The guidance also highlights that internal restructures/reorganisations may count as trigger events. Similarly, planned acquisitions that have not yet taken place (e.g. where there are signed heads of terms) can be called in. Should the ISU suspect the above criteria are met and national security may be at risk, the transaction can be scrutinised by the Government.
Call-in notice. NSIA applies in relation to the acquisition of rights/interests in a qualifying entity or asset, by allowing the Secretary of State to issue a “call-in notice” for a transaction which falls within the definition of a “trigger event”. A recent statement made under s 3 details that the call-in power will be exercised on a case-by-case basis, but the following factors in relation to national security will be considered: the use of the target, the characteristics of the acquirer and the degree of control to be acquired over the target. The statement notes that the assessment (following the notice) is only to take place where it is reasonably suspected the acquisition could give rise to a risk to national security. The call-in power is only to be used to safeguard the UK’s national security and not to promote any other objectives. Further guidance is expected.
Mandatory notification for “notifiable transactions”. If the acquisition falls within any of the 17 sensitive areas of the economy (defined by regulations under s 6), notification and approval are required, otherwise the acquisition will be void. If cleared, the Government cannot reassess the transaction, unless false or misleading information was submitted. The sensitive areas include civil nuclear, defence and military, but also communications, computing hardware, data infrastructure, energy and transport, among others.
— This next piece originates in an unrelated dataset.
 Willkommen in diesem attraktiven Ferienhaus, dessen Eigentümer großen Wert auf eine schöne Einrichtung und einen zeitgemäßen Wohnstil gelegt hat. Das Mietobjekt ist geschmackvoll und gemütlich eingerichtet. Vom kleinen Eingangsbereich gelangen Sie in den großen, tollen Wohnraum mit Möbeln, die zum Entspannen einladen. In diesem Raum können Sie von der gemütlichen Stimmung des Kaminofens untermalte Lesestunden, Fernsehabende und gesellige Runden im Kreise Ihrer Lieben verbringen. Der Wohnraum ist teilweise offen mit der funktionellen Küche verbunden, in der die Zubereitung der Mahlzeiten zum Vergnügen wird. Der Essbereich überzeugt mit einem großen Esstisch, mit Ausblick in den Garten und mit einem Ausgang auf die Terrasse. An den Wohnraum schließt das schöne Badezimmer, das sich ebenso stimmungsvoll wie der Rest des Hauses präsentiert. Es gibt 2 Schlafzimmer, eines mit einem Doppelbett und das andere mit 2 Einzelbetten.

The statement details that qualifying acquisitions of entities which undertake activities “closely linked” to those 17 areas are more likely to be called in. Loans, conditional acquisitions, futures and options are unlikely to be called in as they usually pose little risk to national security. However the guidance notes an exception where rights are exercised for the purpose of preserving or realising the security. Retrospective filing of mandatory notifications is possible, but note that the transaction will be void without Government approval. For transactions which do not qualify under the mandatory regime, a voluntary notification can be submitted to request clearance.
The consequences for failure to notify are severe, with potential criminal and civil penalties including up to 5% of an organisation’s global turnover or £10 million, whichever is greater.
Effect on transactions
When planning and drafting transactional documents for a qualifying acquisition, care will need to be taken to factor for the possibility of the transaction being called in, its unwinding, or any of the other options available to the Government (e.g. restrictions on the number of shares transferred or access to commercial information). More due diligence on investors and the sector involved will be required, and there is a greater likelihood of conditional aspects of deals (e.g. in relation to any auction process or the outcome of a voluntary notification). The NSIA has a wide reach and will not only apply to M&A, corporate restructuring etc, but also in relation to land transactions and IP. Once the NSIA is in force the Government can assess acquisitions retrospectively for up to five years after completion of the relevant transaction, and up to six months after becoming aware of it if it has not been notified.